#### [About this exercise]
The output is the line containing "- Photo by Scott" plus every later line down to the end of the listing below, copied exactly. No pictures belong in it.

#### [Dataset section]
[Start of Attachment]
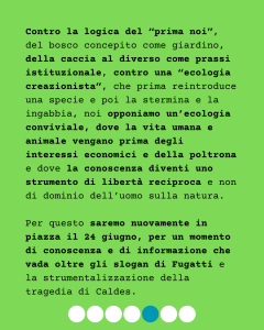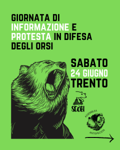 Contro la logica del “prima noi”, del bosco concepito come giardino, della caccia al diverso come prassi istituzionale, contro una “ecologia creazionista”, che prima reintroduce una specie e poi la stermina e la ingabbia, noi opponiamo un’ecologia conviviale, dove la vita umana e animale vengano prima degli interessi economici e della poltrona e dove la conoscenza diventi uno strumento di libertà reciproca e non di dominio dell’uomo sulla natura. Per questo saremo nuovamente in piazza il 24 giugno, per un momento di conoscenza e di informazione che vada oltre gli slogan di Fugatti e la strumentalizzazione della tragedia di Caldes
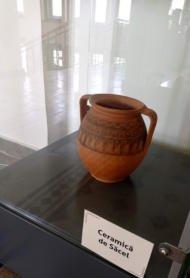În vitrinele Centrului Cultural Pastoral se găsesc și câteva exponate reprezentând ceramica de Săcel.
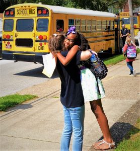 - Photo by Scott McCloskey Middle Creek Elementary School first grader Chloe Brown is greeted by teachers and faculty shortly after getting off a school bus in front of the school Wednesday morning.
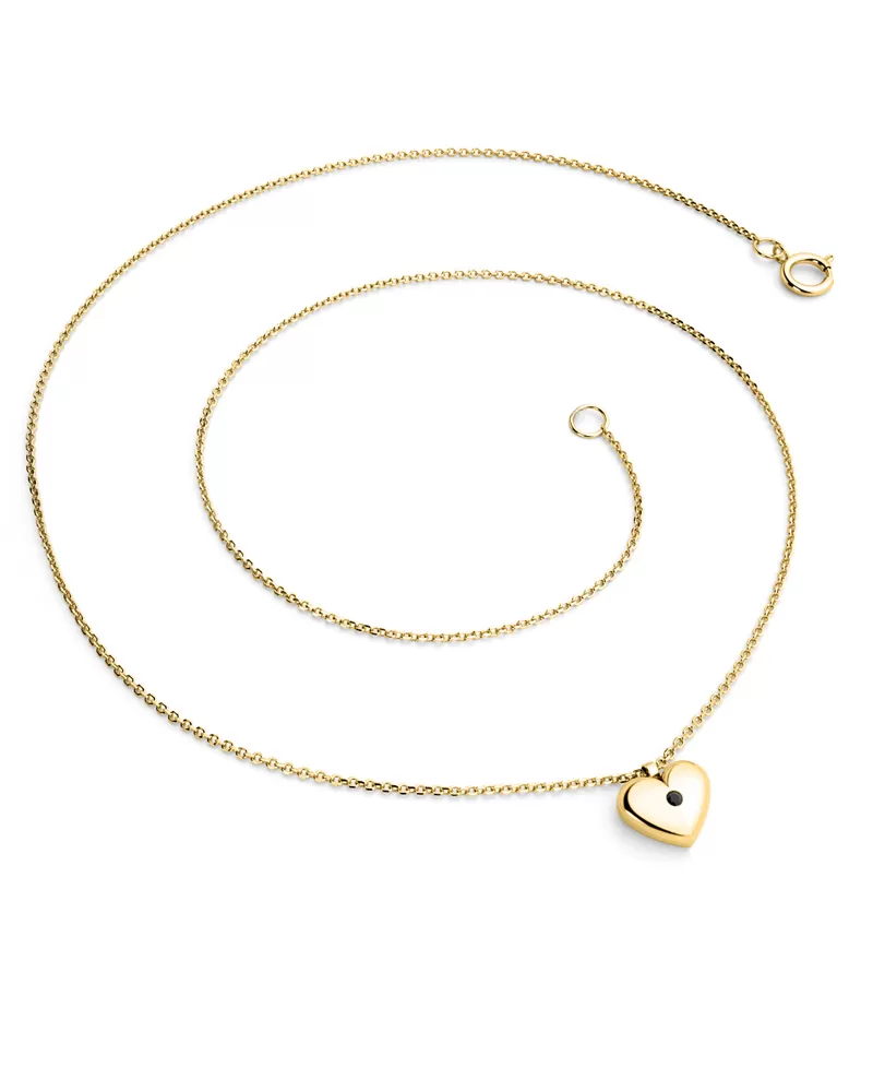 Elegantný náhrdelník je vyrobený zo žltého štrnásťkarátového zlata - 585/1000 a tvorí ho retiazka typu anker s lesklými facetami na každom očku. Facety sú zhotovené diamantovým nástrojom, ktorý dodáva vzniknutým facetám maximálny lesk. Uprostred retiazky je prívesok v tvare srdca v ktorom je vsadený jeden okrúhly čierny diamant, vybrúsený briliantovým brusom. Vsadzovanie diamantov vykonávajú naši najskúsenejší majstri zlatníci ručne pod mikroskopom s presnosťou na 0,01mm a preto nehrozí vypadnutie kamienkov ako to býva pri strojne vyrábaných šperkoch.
[End of Attachment]
#### [Reply to the exercise]
 - Photo by Scott McCloskey Middle Creek Elementary School first grader Chloe Brown is greeted by teachers and faculty shortly after getting off a school bus in front of the school Wednesday morning.
 Elegantný náhrdelník je vyrobený zo žltého štrnásťkarátového zlata - 585/1000 a tvorí ho retiazka typu anker s lesklými facetami na každom očku. Facety sú zhotovené diamantovým nástrojom, ktorý dodáva vzniknutým facetám maximálny lesk. Uprostred retiazky je prívesok v tvare srdca v ktorom je vsadený jeden okrúhly čierny diamant, vybrúsený briliantovým brusom. Vsadzovanie diamantov vykonávajú naši najskúsenejší majstri zlatníci ručne pod mikroskopom s presnosťou na 0,01mm a preto nehrozí vypadnutie kamienkov ako to býva pri strojne vyrábaných šperkoch.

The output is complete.